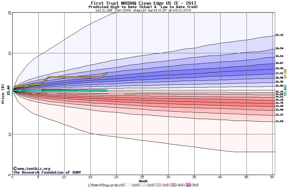 The high to date and low to date prices of the stock plotted against a random walk model for 2017 (what's this?).
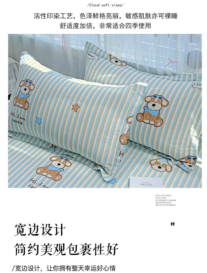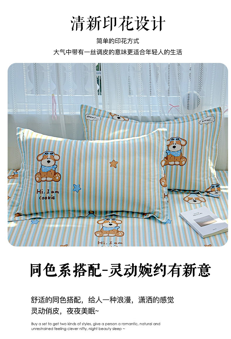 恩泽家纺 2026春夏新款全棉纯棉12868印花四件套及单品系列-单枕套枕套单件 派对小狗
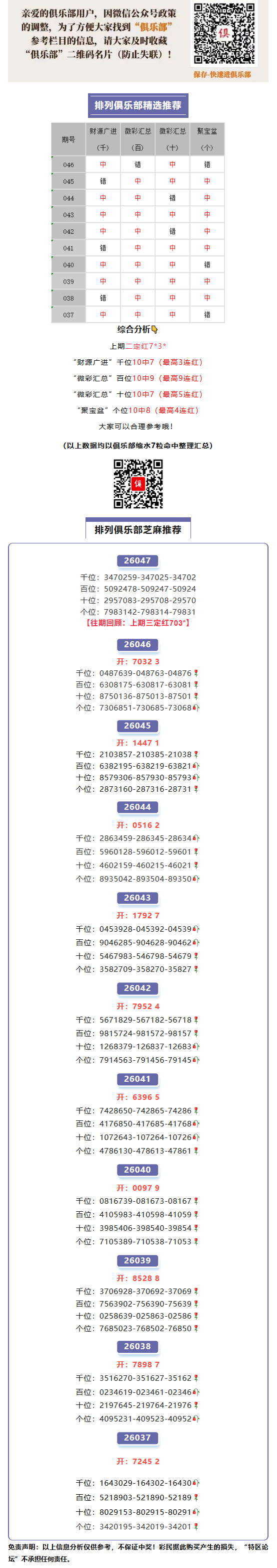 【特区俱乐部】加油!排列“芝麻推荐”三定红703*!
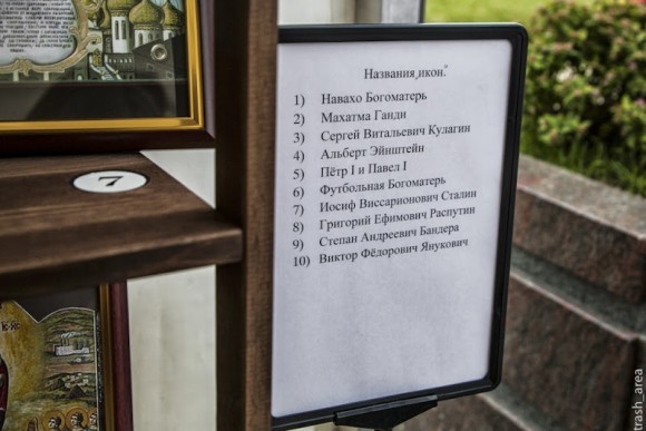 — Совершенно верно! И меня покоробило! И меня оскорбило! Потому что я этим вопросом довольно давно занимался. И на тему этих антиправославных «икон» писал много раз. Иллюстрации размещал. И перед акцией у меня в ЖЖ было написано, что будет выставка кощунственных, неправославных «икон», с помощью которых люди пытаются «оправославить», легализовать свои личные политические убеждения или человеческие амбиции. И это очень опасно, потому что не все люди, особенно молодые, знают, что такое каноническая и неканоническая икона, где святой образ, а где самочиние и профанация. И мы их выставили для того, чтобы люди увидели, до чего сегодня доходят иные люди и политически силы. Чтобы увидели, что даже можно саму икону превратить в оружие антихристианской пропаганды. Вот о чем шла речь.
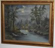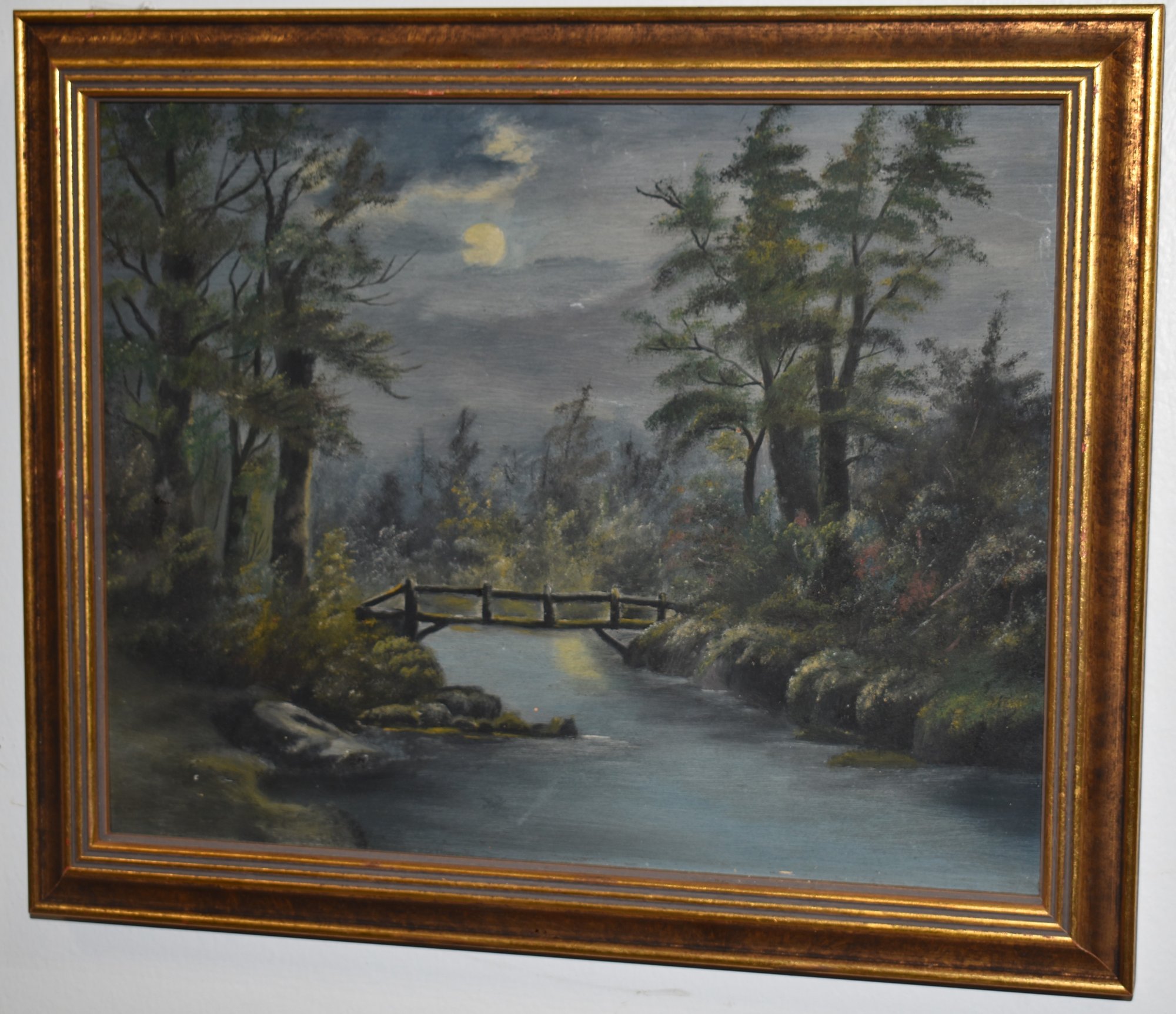 STREAM W/ WOODEN BRIDGE AT NIGHT - UNSIGNED 7 3/4" X 10" SIGHT - FRAMED - WEAR

==============================

» **Problem requirements**:
Everything in the material above is to be reproduced exactly, pictures aside.

» **Completed exercise**:
 The high to date and low to date prices of the stock plotted against a random walk model for 2017 (what's this?).
 恩泽家纺 2026春夏新款全棉纯棉12868印花四件套及单品系列-单枕套枕套单件 派对小狗
 【特区俱乐部】加油!排列“芝麻推荐”三定红703*!
 — Совершенно верно! И меня покоробило! И меня оскорбило! Потому что я этим вопросом довольно давно занимался. И на тему этих антиправославных «икон» писал много раз. Иллюстрации размещал. И перед акцией у меня в ЖЖ было написано, что будет выставка кощунственных, неправославных «икон», с помощью которых люди пытаются «оправославить», легализовать свои личные политические убеждения или человеческие амбиции. И это очень опасно, потому что не все люди, особенно молодые, знают, что такое каноническая и неканоническая икона, где святой образ, а где самочиние и профанация. И мы их выставили для того, чтобы люди увидели, до чего сегодня доходят иные люди и политически силы. Чтобы увидели, что даже можно саму икону превратить в оружие антихристианской пропаганды. Вот о чем шла речь.
 STREAM W/ WOODEN BRIDGE AT NIGHT - UNSIGNED 7 3/4" X 10" SIGHT - FRAMED - WEAR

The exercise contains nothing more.